If you make something for print, or for the web, you think about how long something will last. We tend to then simplify layout, to make it accessible for people for as long as the layout exists. We follow conventions based on our reading direction (left to right, top to bottom in our language). Putting something on the top-left of the page (like a link to a homepage), is a decision that feels very accessible.

But GraphViz follows a different approach. It places the nodes and the edges without thinking about usual hierarchies, or usual ways of reading. We have done a bit of that with the title of the graphs. Here the placement at the top is important, it is different information to the content of the graph. But the rest of the layout of the graph is decided upon by GraphViz. And also placed differently once the content of the graph changes. It connects the act of making snapshots and taking a particular slice from the bigger whole in the form of a graph at a particular moment in time. From the start, we were excited about the aesthetics of the wiki that are structural. The GraphViz output comes close to this, as it starts to show this structure.

In this way, it fits a technotext-ethnographic approach. Taking samples at different moments to make layouts. It introduces an element of time and temporality.

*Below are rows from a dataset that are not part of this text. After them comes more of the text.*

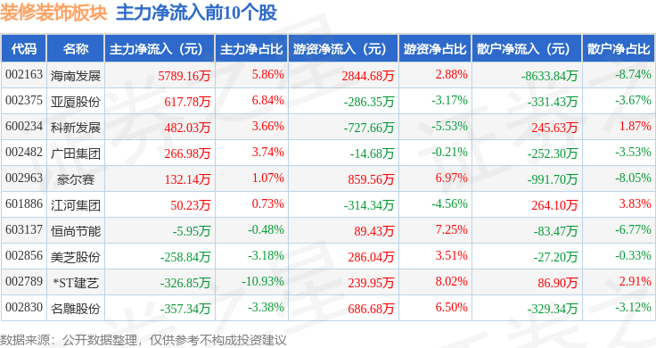 从资金流向上来看,当日装修装饰板块主力资金净流出1.37亿元,游资资金净流入1.01亿元,散户资金净流入3583.23万元。装修装饰板块个股资金流向见下表: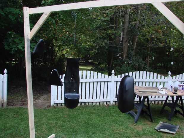 Mi cabina de pintura es al aire libre. Las piezas se cuelgan de una estructura de 2 x 4 construida temporalmente. Mientras que esto es genial para la ventilación, necesita elegir una época del año donde la concentración en el aire partículas e insecto es baja. Polen arruinará su trabajo de pintura, como insectos que se colocan en la superficie antes que se seque. Guardo un par de pinzas de mano para desplumar a insectos de la pintura húmeda. Sin embargo, esto puede resultar en defectos superficiales a veces es mejor dejar que la pintura seque completamente y luego mojado-arena el insecto fuera de la pintura.
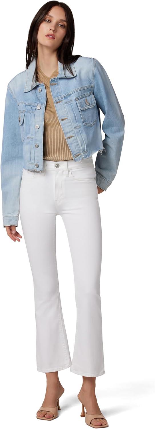 These crop jeans have a close, contoured fit and feature a zipper fly, button closure, and belt-loop waistband. The 5-pocket construction adds function and style, and the high-rise waist measures 10 1/4″ and pairs with the fitted cut and 19-inch cropped, flared leg opening for a modern, flattering profile.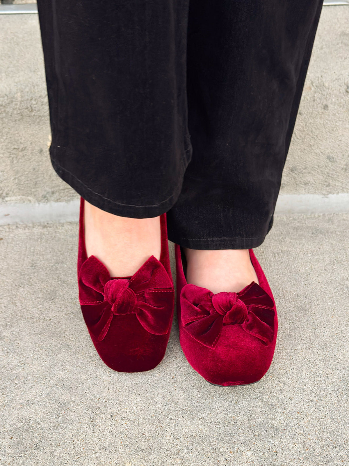Step into timeless holiday charm with the Burgundy Belle Velvet Flats. Crafted in rich burgundy velvet and topped with an oversized bow, these flats are the perfect balance of cozy comfort and dressed-up chic. Whether you’re heading to a festive party or a casual brunch, they deliver effortless holiday-ready style without the heels.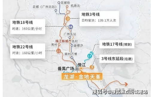 龙湖金地天峯坐落于番禺广场区府板块,作为广州番禺区重点打造的 TOD 综合体项目,地理位置优越,发展潜力突出。项目以地铁 3 号线东延段傍江站为核心,集地铁、商业、教育等多元优质资源于一体,构建 “一站式” 生活圈。从区域规划来看,番禺广场板块作为番禺区行政、商业、交通枢纽核心,未来将持续完善交通网络与配套设施,进一步提升板块价值。随着 18 号线、22 号线等线路的互联互通,项目将深度融入广州核心城区发展脉络,成为连接珠江新城、万博、琶洲等核心区域的重要节点,为居民带来更便捷的生活与更广阔的发展空间。

Notes from reading from the booklet "16 case stories: re-imagining the practices of layout", published by the collective Open Source Publishing in 2013:

  • layout is the spatial arrangement of text and graphical elements
  • what we understand of it is directly exported from the Gutenberg press
  • there are little traces of the encounter of layout with digital systems

What we notice and remember about wiki-to-print practice: the digital systems that are involved in the making of printed matter often become invisibilized.

Workday 11 April

Today we will try rendering wiki layouting into a wiki page, to make layouts.

Each type of software comes with its own ontology:

  • paged.js: polyfill, codex logics
  • css print: layout engine
  • wiki: editorial environment

Does wiki-to-print smell like wiki? And does it smell like css print?

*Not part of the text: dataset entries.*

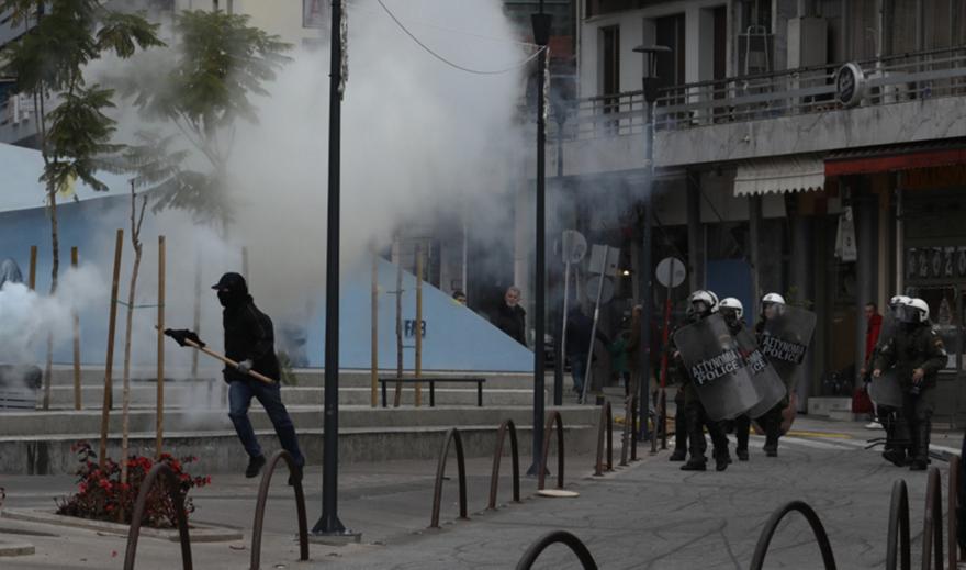 Ομάδα ατόμων εξαπέλυσε επίθεση κατά της αστυνομίας που τους εμποδίζει να εισελθουν στο κτίριο και να το ανακαταλάβουν.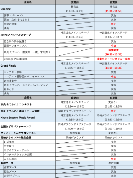 本日の京都学生祭典は天候の悪化が想定されるため、開催時間を11:00~16:00に変更して実施します。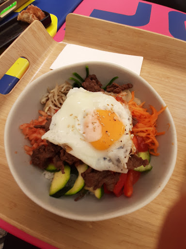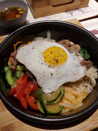 Really nice concept and location.. I had high expectation based on the reviews I saw. I ordered bulgogi bimbimbap + yangyeom chicken. Pls note you pay extra 1.50 for the fried egg, which usually is included at other places. There was no kimchi in the bimbimbap, it does not come with any banchan too, which is a norm in most korean restaurant. Food is fresh but taste average (vs. other Korean restaurants) & the portion is small, compared to the price you pay ; this could be due to the location. The soju which you can buy for less money at the Asian Markt is overpriced here at 9.90, not an issue for me but noticed this when I picked up a drink. If you're a foodie familiar with Korean cuisine & restaurants in Germany, I'm not sure you'll be impressed here. Concept is really cool with great service, I just wish they were more down-to-earth with pricing for the portions, serve the banchan, and less-dry more-juicy fried chicken. You can try it, but I won't be back since there are...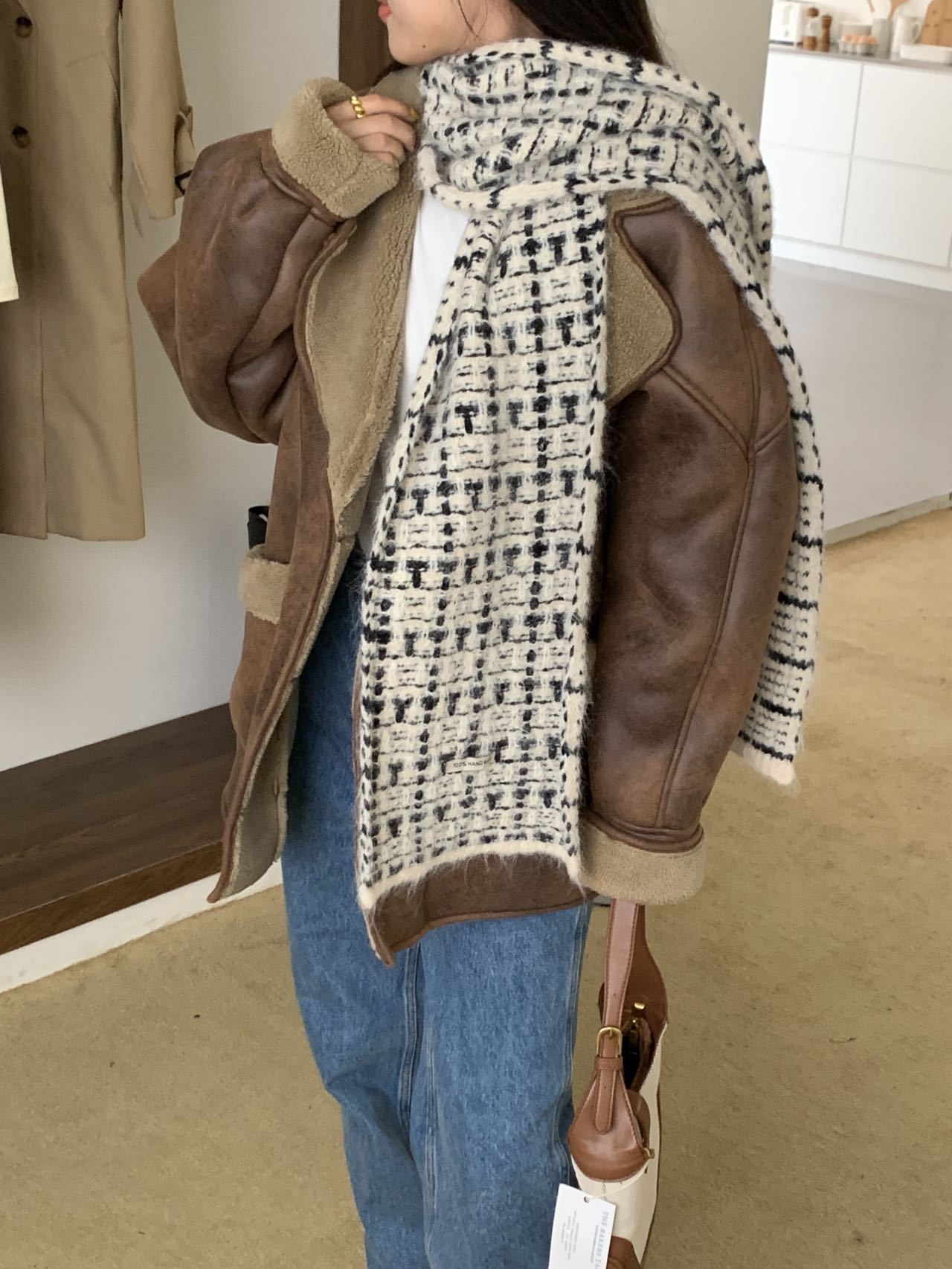 2024 새로운 스타일 두꺼운 한국 스타일 샤넬 스타일 학생 커플 따뜻한 목 영국 격자 무늬 스카프 여자 겨울 올매치스토어 가기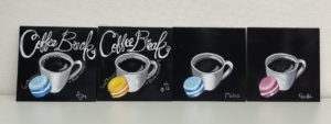 チョークアート、「絵心が無いと、なんだかバランス悪くて下手なんだけど」って話をよく聞きます。絵が苦手でも下絵にちょっとした方法で、描くことでサンプルに近い絵が描けるんです。一度描けると、やる気も出るものです。ちょっと邪道な方法も使いながら1時間で仕上げます。文字は下絵通りに描くことで、カフェっぽい感じに仕上がります。

From the start, we were excited about the aesthetics of the wiki that are structural. The graphviz output comes close to this, as it starts to show this structure.

We want to acknowledge that layout is produced through the logics (not sure about this word) of certain production environments.

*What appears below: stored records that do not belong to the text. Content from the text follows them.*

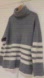 100% Cashmere turtleneck sweater with gray and cream stripes.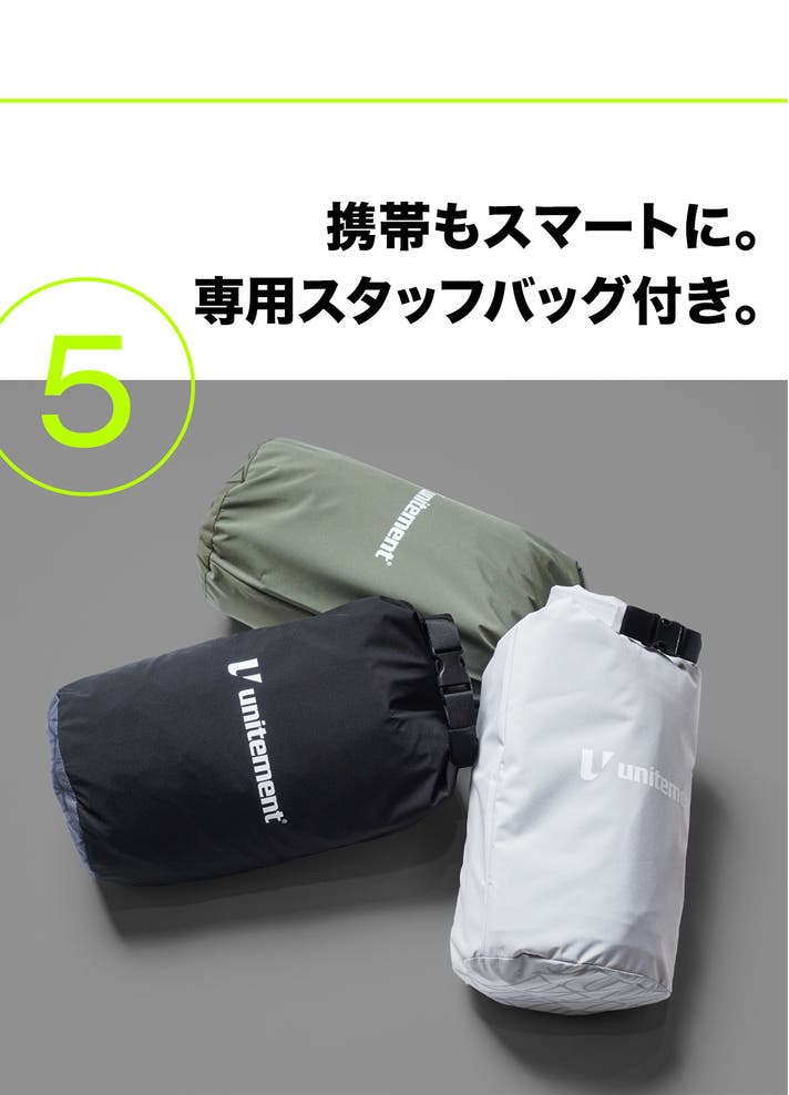 軽量でコンパクトに畳めるので、付属の専用スタッフバッグに収納すれば、持ち運びも容易です。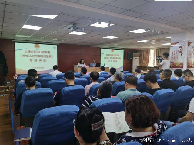 6月17日,大连市率先开展“我读民法典”活动,大连市司法局举办全市司法行政系统工作人员民法典培训专题讲座,邀请宣讲团团长翟云岭教授聚焦民法典核心要义和重点内容,通过现场演讲+视频会议的方式,为全市司法行政系统工作人员、人民调解员、“村民评理说事点”人员700余人做了精彩讲授。

So far, we have been making layouts from the RecentChanges page. The RecentChanges page as a social environment is exciting.

But focusing on only one article doesn't represent this sociality.

TODO TODAY:

  1. Think about which wikis to take snapshots from
  2. Alter the python script and the GraphViz .dot template it creates

Which wikis?

Manetta: What I like about the wiki as a writing environment, is that it does not come with a specific understanding of a page.

WikiWikiWeb (the first wiki, made by Ward Cunningham) describes its culture as distinctly different from WikiPedia: https://wiki.c2.com/?WikiIsNotWikipedia. For example, they do not always give attribution to content "shamelessly ripped off from other forums".

So, each wiki needs to come up with a structure for the pages, that works for the people who are part of the writing process. And that means that the structure of a page will not be the same in different situations.

In a forum, for instance, the focus lies much more on individual voices. Different authors state their ideas, and formulate them clearly in a post. On a wiki however, the focus is on the text on a page. The name of an author is not even visible by default. The text that is written is the central point of attention.

The RecentChanges page as the (backstage?) a wiki, as a place that reveals both the social dynamics and also its specific culture. Who is there? Who wrote something today? It's a page that signals that a wiki page, that has maybe been forgotten for years, is relevant again and connects to a specific activity happening today.

Some pages are not updated frequently. The documentation HOWTO page for the bootleg library (https://pzwiki.wdka.nl/mediadesign/The_bootleg_library) describes the collection as being (at the time of writing, October 2020) "mostly media and art theory, feminism(s), technical manuals and literature". The collection now is vastly different. But this information on the documentation wiki page stands as a record of the past.